Una tarde que mi hermano no estaba en casa, revolví su habitación y, al fin, encontré el rifle en un rincón del placard, que fue rápidamente sustituido por un lugar entre las telarañas de debajo de mi cama. Esperé hasta una noche sofocante, como aquella, la primera. Luego, esperé que él se fuera y, con su desaparición, le diera la señal al viento para comenzar a soplar y a las sombras para agitarse. Y apenas lo hicieron, busqué el rifle, asomé el caño por la ventana (no sin que antes se me resbalara el gatillo un par de veces entre los dedos) y recordé las palabras de mi abuelo.
Traté de pegar donde había que pegar.

Al otro día me despertaron los gritos de ella. Él se había muerto mientras dormía. Algo del corazón… o al menos eso es lo que me dijeron. Tampoco es que presté demasiada atención. Ni ahí ni en el velorio, donde un par de señoras de parentesco indefinido no dejaban de dedicarme
miradas acosadoras bañadas en pena plástica y barata mezclada con una pizca de asco causada por mis ojos completamente secos. Por suerte, nadie más me molestó por eso. Ella estaba demasiado ocupada en el protagonismo pasajero que le traía como regalo la viudez. Y mi hermano, que se había sentado solo en un rincón de la sala velatoria, nunca me había prestado demasiada atención y las cosas no tenían por qué cambiar ahora.

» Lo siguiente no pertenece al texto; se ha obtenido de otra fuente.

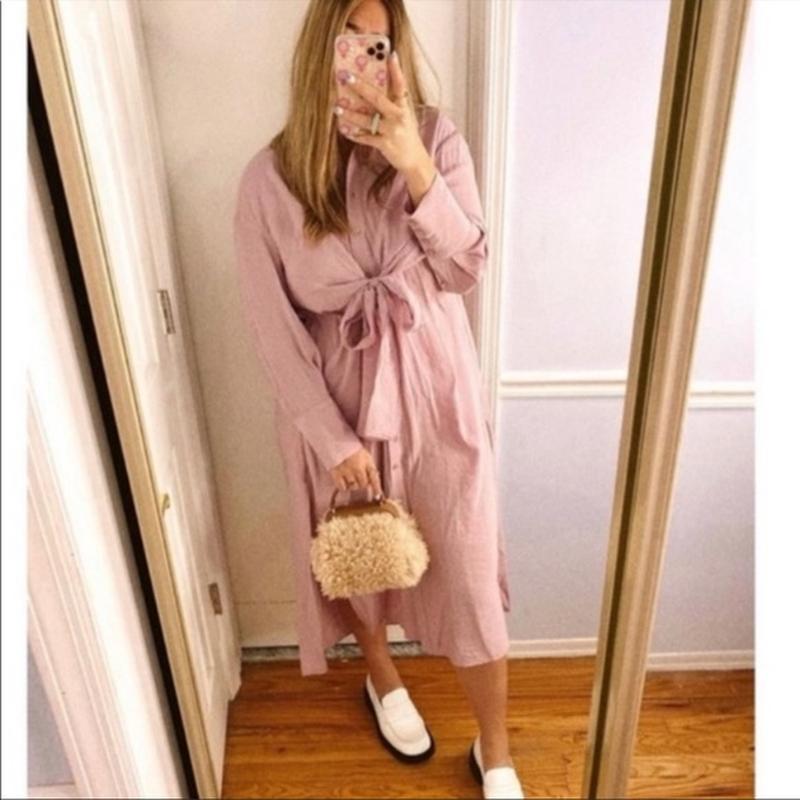 Платье рубашка женское миди с длинным рукавом с завязками бант в свободном стиле в красивый нежный лавандовый цвет очень стильное приятное к телу 83% modal (вискоза) 17% polyester новое с бирками в наличии Л размер пог 61см поб 66см плечи 59см рукав 53см длина 1.25см
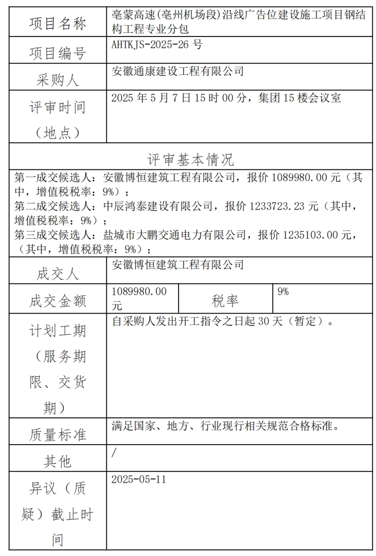 亳蒙高速(亳州機場段)沿線廣告位建設施工項目鋼結構工程專業(yè)分包成交結果公示
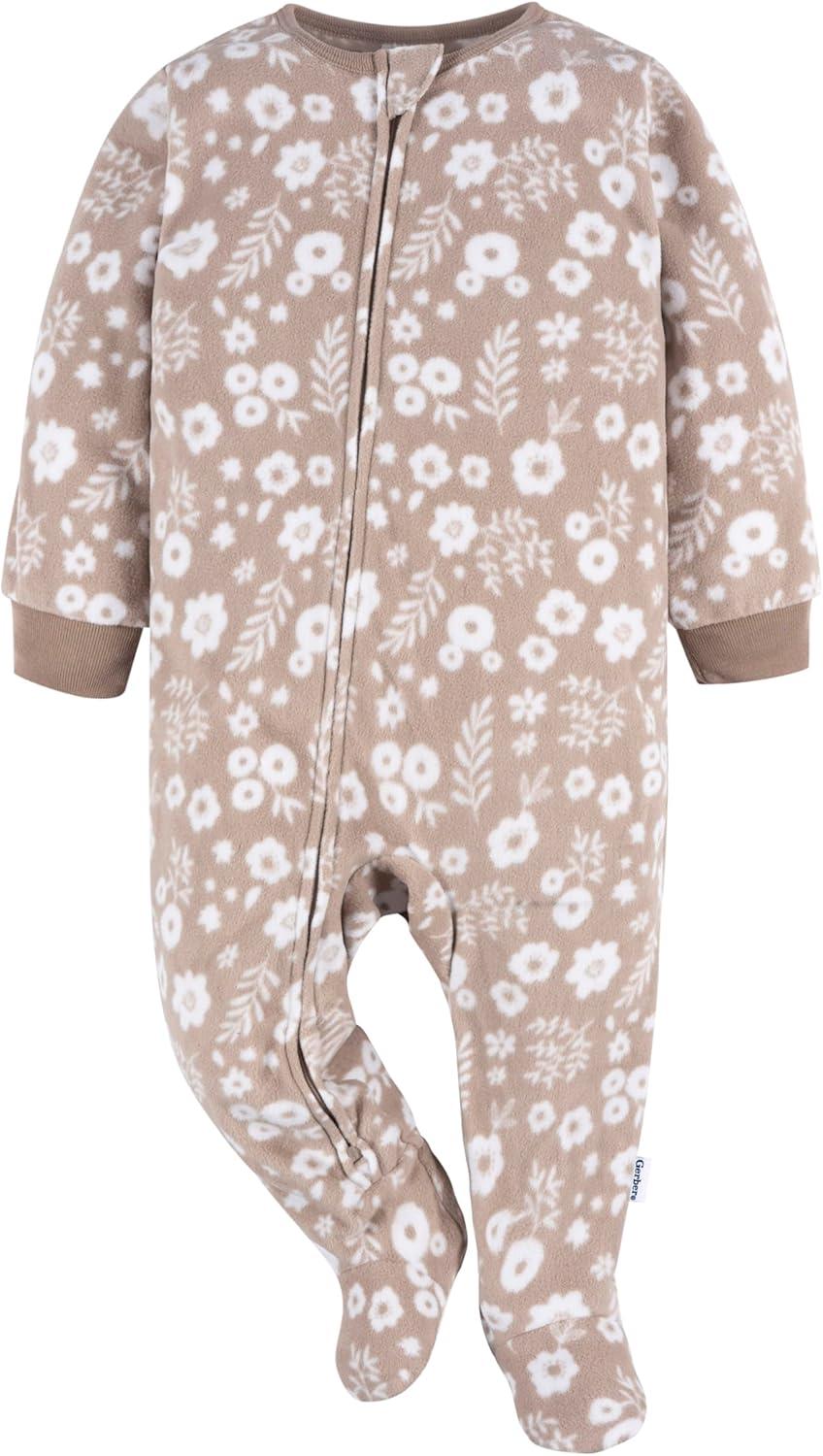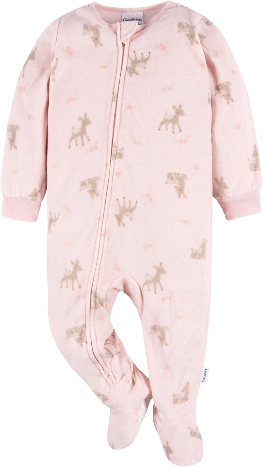 Gerber Baby Girls Flame Resistant Fleece Footed Pajamas 2-pack(Pink Brown Deer)
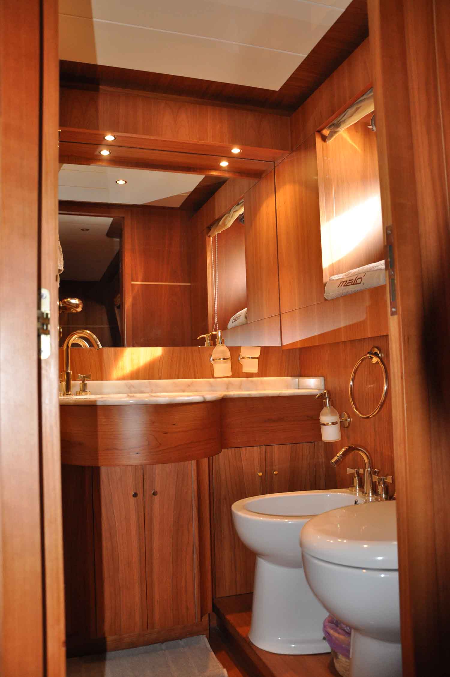 The VIP cabin is forward and full beam of the yacht, with a double bed. A further two guest cabins are on port and starboard, both with side by side single beds. Tenders & Toys onboard the canados 86 yacht MALO includes a tender 4,60 40hp and JETSKI.
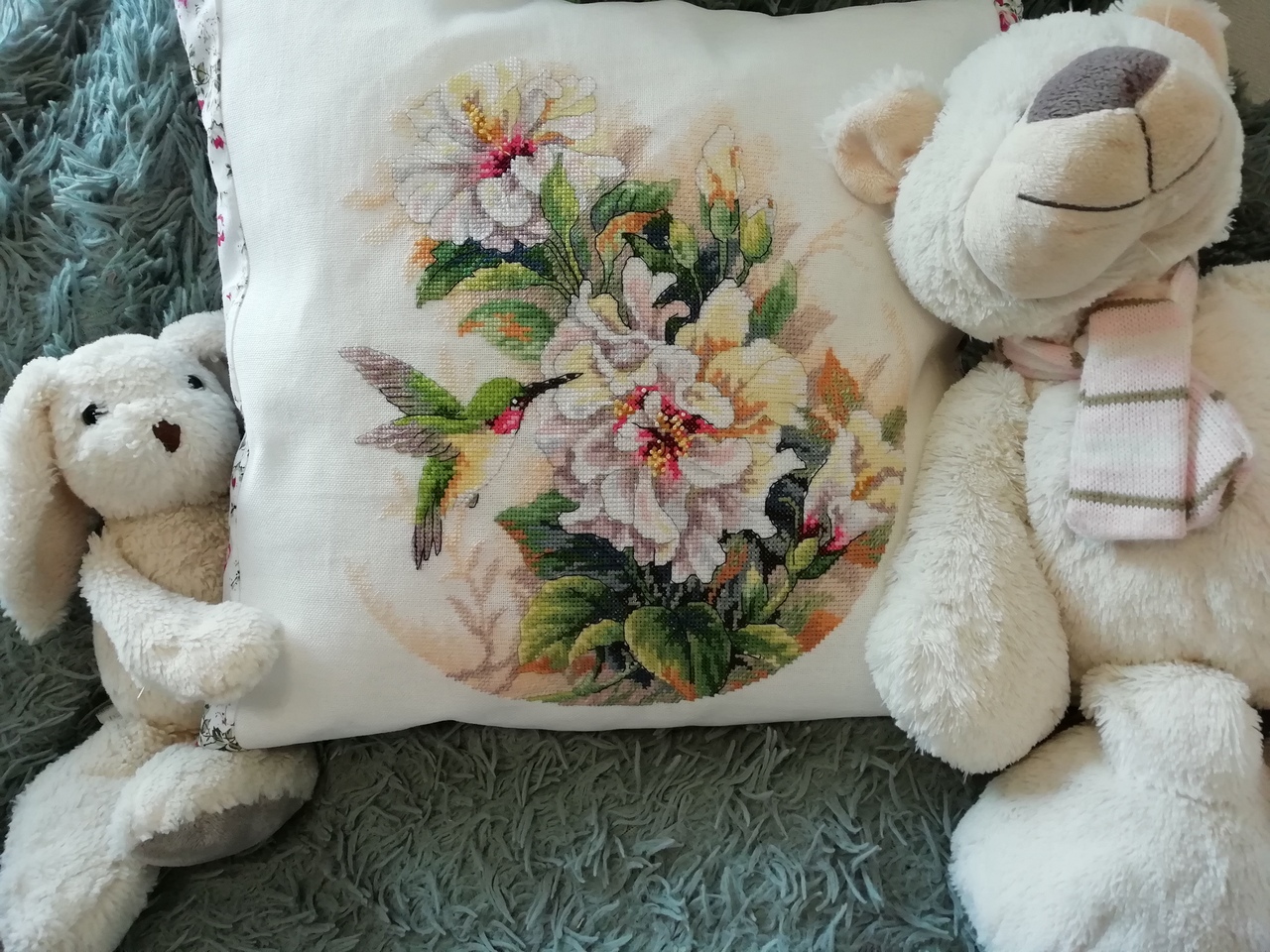 Венок с колибри был вышит ооочень давно и ждал... ждал непонятно чего. В багет я его не хотела, были мысли о салфетке... но как-то не срослось. И в итоге получилась наволочка:
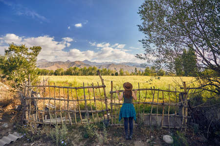 Woman in hat and green checked shirt near the fence gate looking at field in the farm at the morning
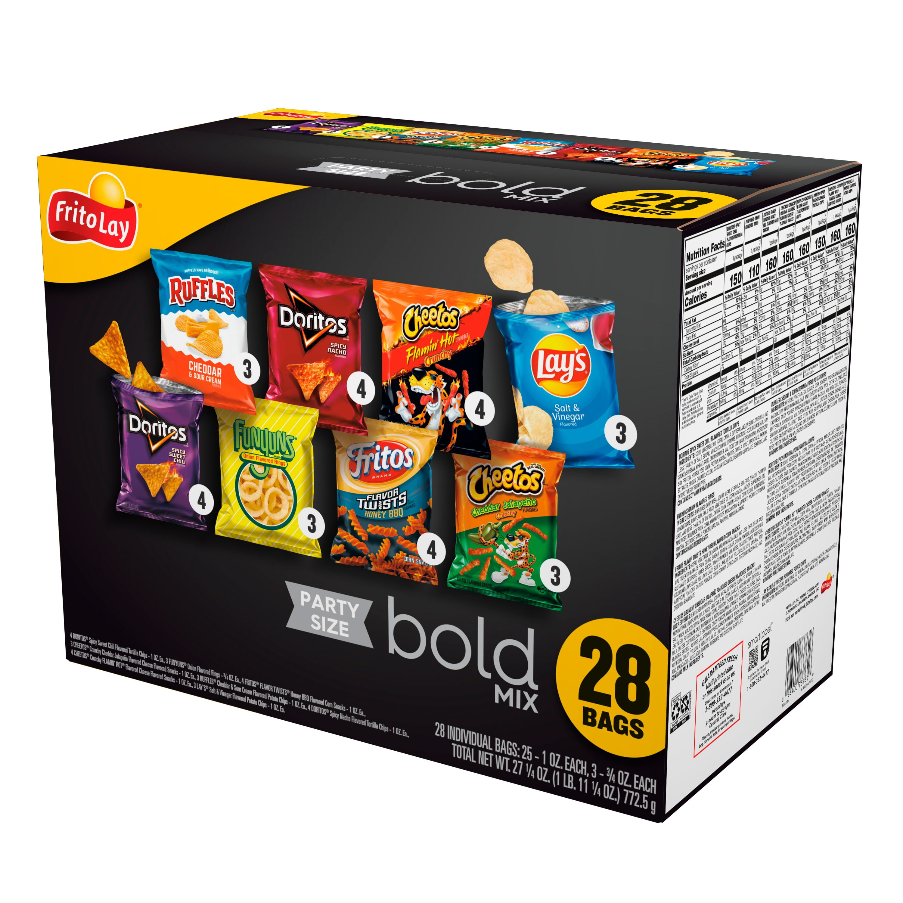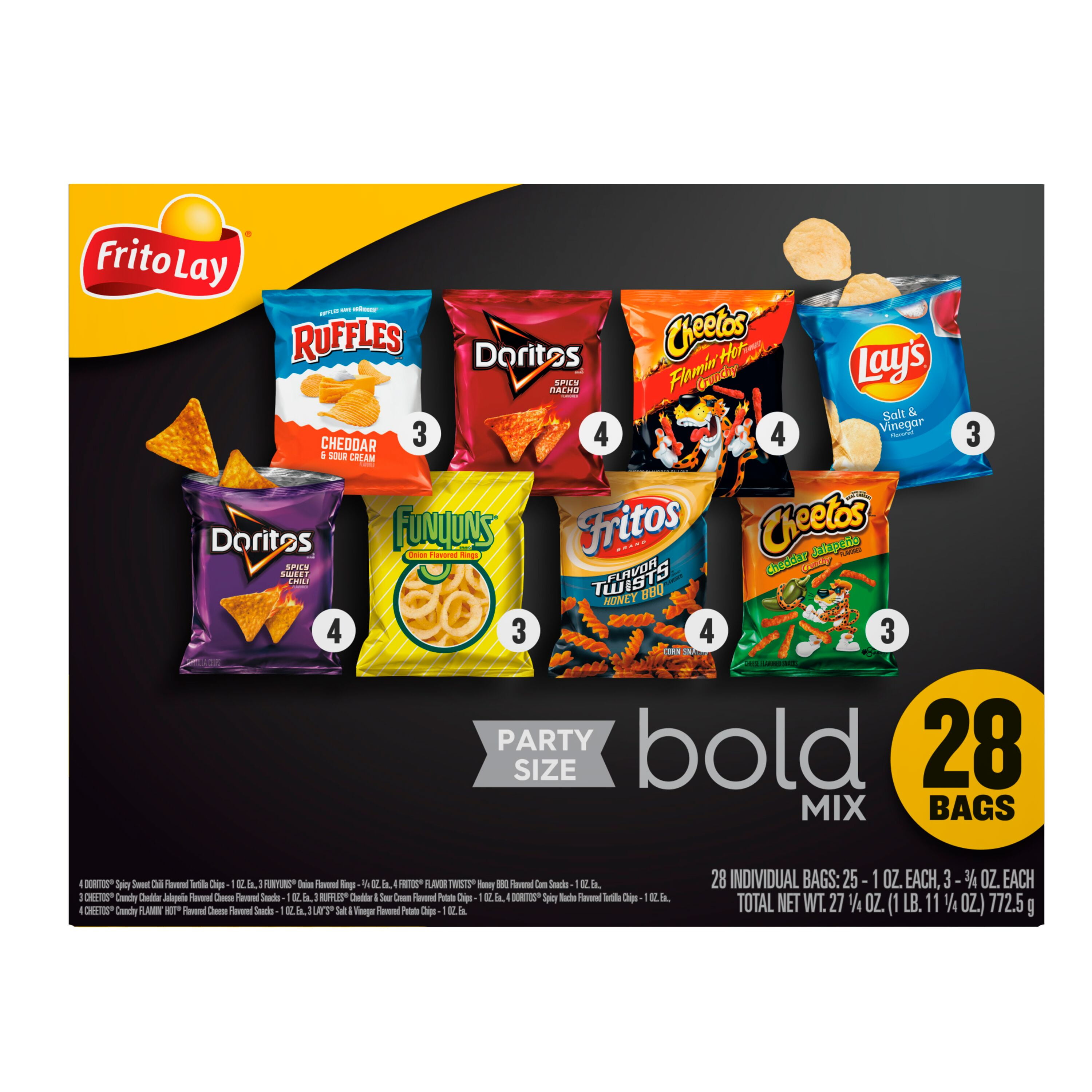 - Enjoy a 28 bags diverse assortment with the Frito-Lay Bold Mix, featuring a mix of popular snack chip types including Ruffles, Doritos, Cheetos, Lay's, Funyuns, and Fritos
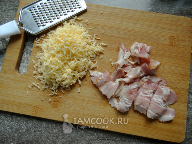 Сыр натереть на мелкой тёрке, бекон нарезать кусочками.
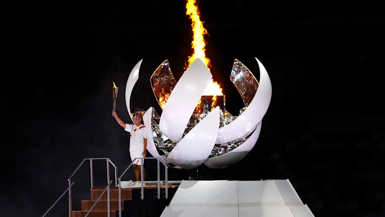 Ngôi sao quần vợt Nhật Naomi Osaka châm đuốc Olympic.
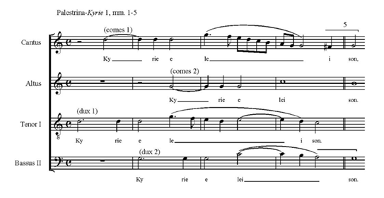 Although the score is different, the structure of the Kyrie is similar in both masses. It has three distinct sections (Kyrie eleison, Christe eleison and Kyrie eleison). The two composers use different compositional technique however both of them are influenced by Gregorian chant. Palestrina`s Kyrie consists of imitative polyphony which is based on the main motif. The basic melodies and their words are stated early in a single voice before the other layers (voices) are gradually added which represented by Example 1 where the piece begins with Tenor I followed by Cantus, than Bassus II and finally the Altus. The composer also uses imitation which also can be seen. While the work is written to six acapella voices, the announcement of the text with the motive ideas is represented by only four and the movement set up as two duets. Palestrina also uses a contrapuntal texture and perfect intervals in Tenor I (D rises to G by perfect 4th, then descends to C by perfect 5th). (Gutmann, 1998) (Moore, 2006)
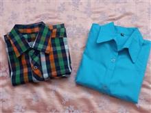 پیراهن آبی سالمه و پیراهن چها خانه درزش باز شده برای همین میزنم معیوب که حرفی درش نباشه.
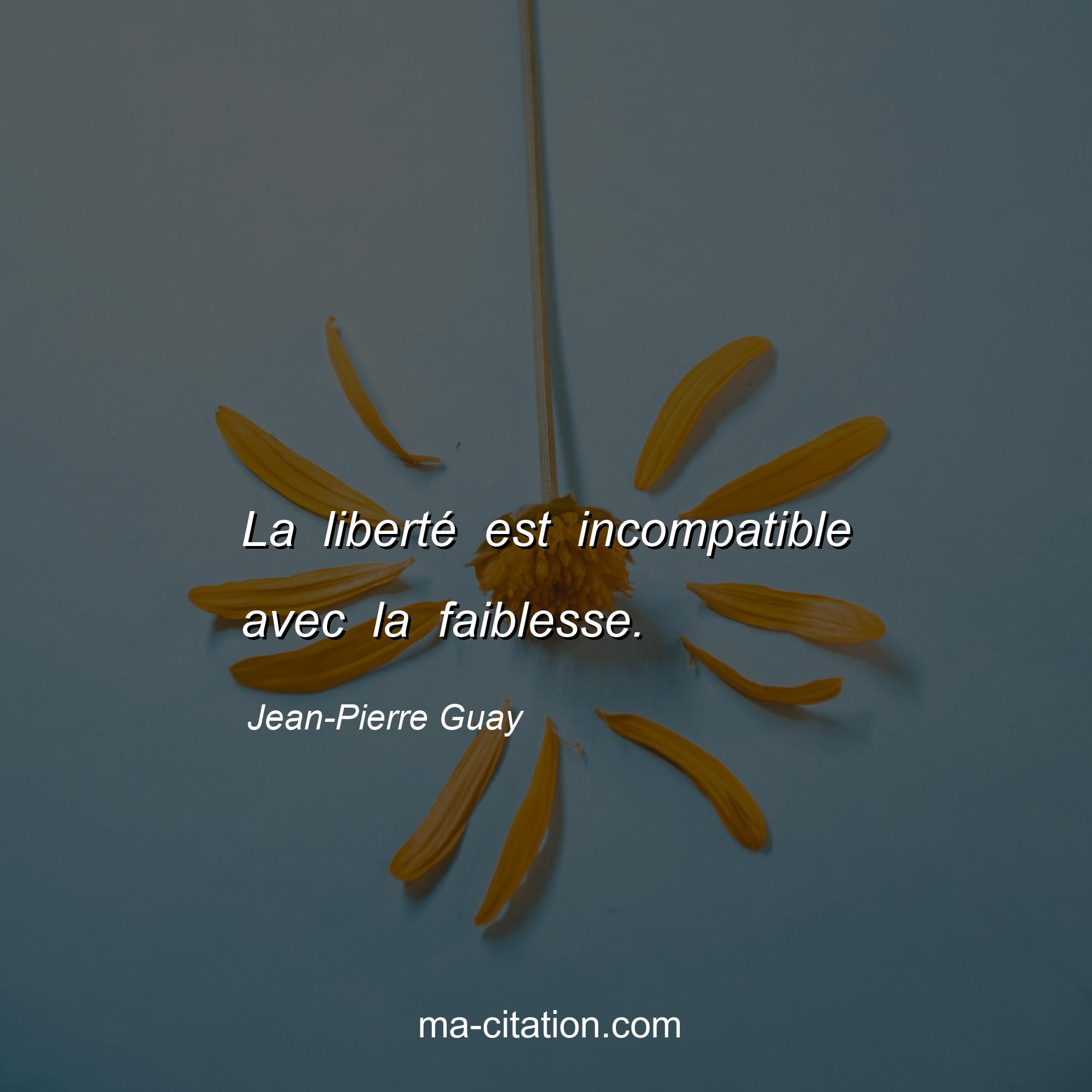 Citation sur la vie de Jean-Pierre Guay :La liberté est incompatible avec la faiblesse.
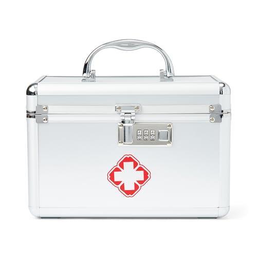 Lock box has a programmable thumbwheel combination lock for increased security Removable compartments and shelf piece allow for flexibility with organizing medicine bottles and pills Designed with ergonomic handle for carrying ease when traveling
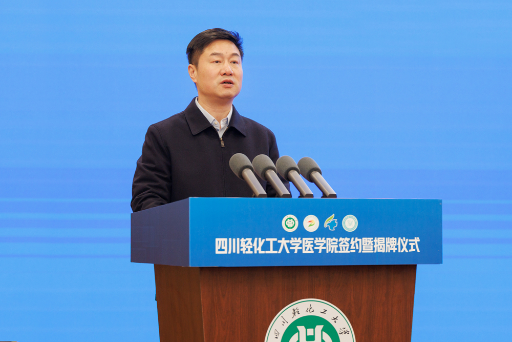 曾洪扬代表市委、市政府向医学院的成立表示热烈祝贺。他说,近年来校地双方共同推动建立中国彩灯学院、氟材料产业学院、无人机产业学院等现代特色产业学院,建成投用李白河校区,打造了校地“双向赋能”的典范样板。此次四川轻化工大学与四川卫生康复职业学院、自贡市第一人民医院、自贡市第四人民医院共建医学院,既是贯彻“健康中国”战略、服务教育强国建设的务实行动,也是校地深化情谊、合作共赢,携手推动高质量发展的又一标志性成果。希望四川轻化工大学坚持高标准建设,积极布局一批引领产业发展、契合健康事业需要的特色优势学科,打造辐射西南、面向全国的跨学科创新型医学院;突出高水平教学,加强师资队伍建设,不断提高办学质量和水平,打造高素质复合型医学人才培养的摇篮;助推高质量发展,持续创新校地校企合作模式,推动产学研用一体化发展,为自贡经济社会发展提供有力支撑。
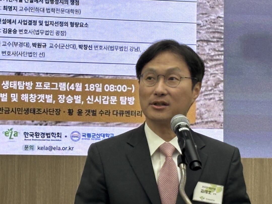 김 회장은 2006년 새만금부터 2025년 새만금 신공항 국제 판결까지 우리 환경법 이론에서 중요한 의미를 가진 판결들을 회고했다. 이자리에서 오늘 학술대회가 새만금의 과거 현재 미래를 짚어볼 기회가 됐으면 한다고 환영했다.
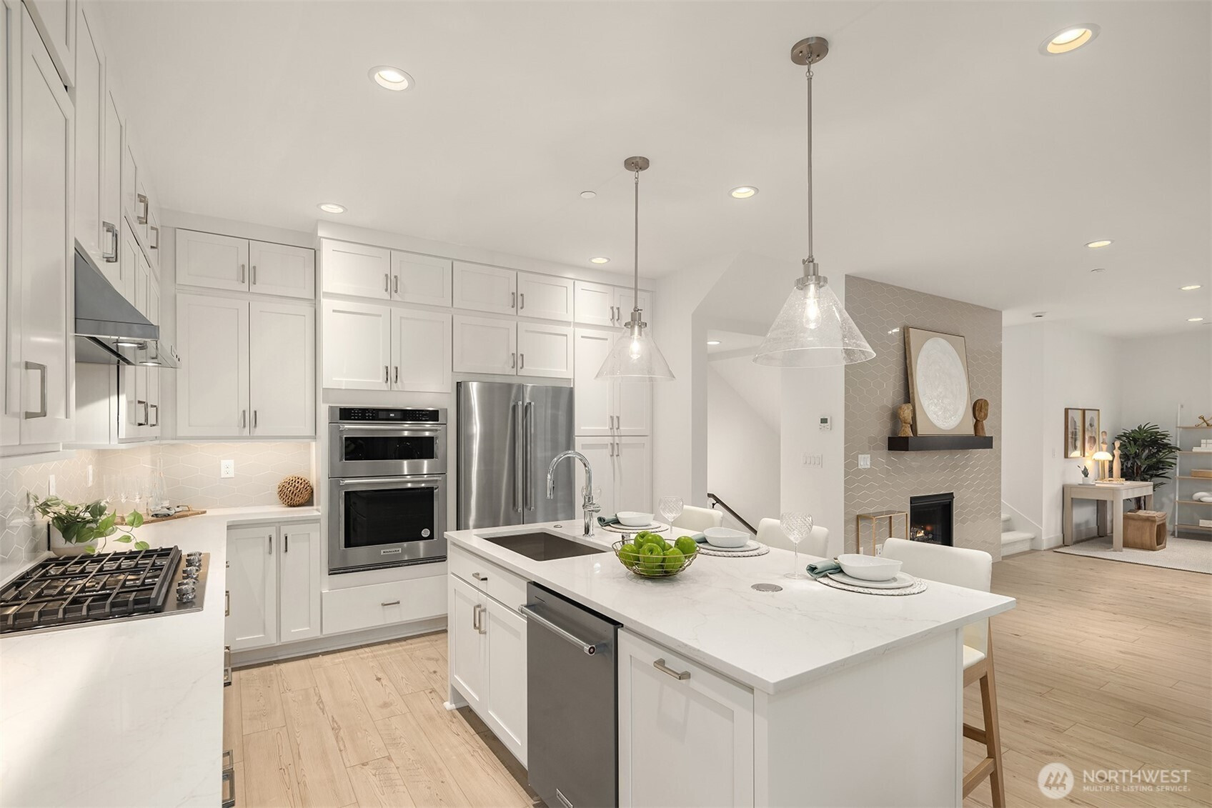 Cross Kirkland Towns by Toll Brothers - luxury 4-bedroom townhomes featuring unique NW contemporary architecture & sleek interior finishes. Every home offers a covered deck off the bright, open great room & a private first-floor bedroom w/ 3/4 bath. The KINNEY home design, located on the end of the building, brings in an abundance of light & exudes luxury & style with its wonderfully designed floor plan. Includes stunning designer selected finishes in warm contemporary tones. Community walking paths connect to playground, pickleball court, dog walk & exceptional access to the Cross Kirkland Corridor. Centrally located to nearby restaurants & shopping, + easy Eastside commutes. If represented by broker, must register at 1st visit.

Esa noche, cuando volvimos del crematorio, el calor tenía una violencia que, de verdad, jamás había sentido. Parecía que algo en la atmósfera estaba a punto de explotar hacia adentro. Me acosté y me puse a pensar como sería eso… que el aire implotara en una bola silenciosa de llamas azules. El hecho de que la coherencia abandone mis pensamientos suele señalar el comienzo del camino hacia el sueño y esta vez no fue la excepción: los párpados se me estaban cerrando. Y fue entonces cuando vi que las cortinas comenzaban a agitarse y sentí, a lo lejos, el zumbido.
Pero esta vez ya no había nada que ver detrás del vidrio. Ya no.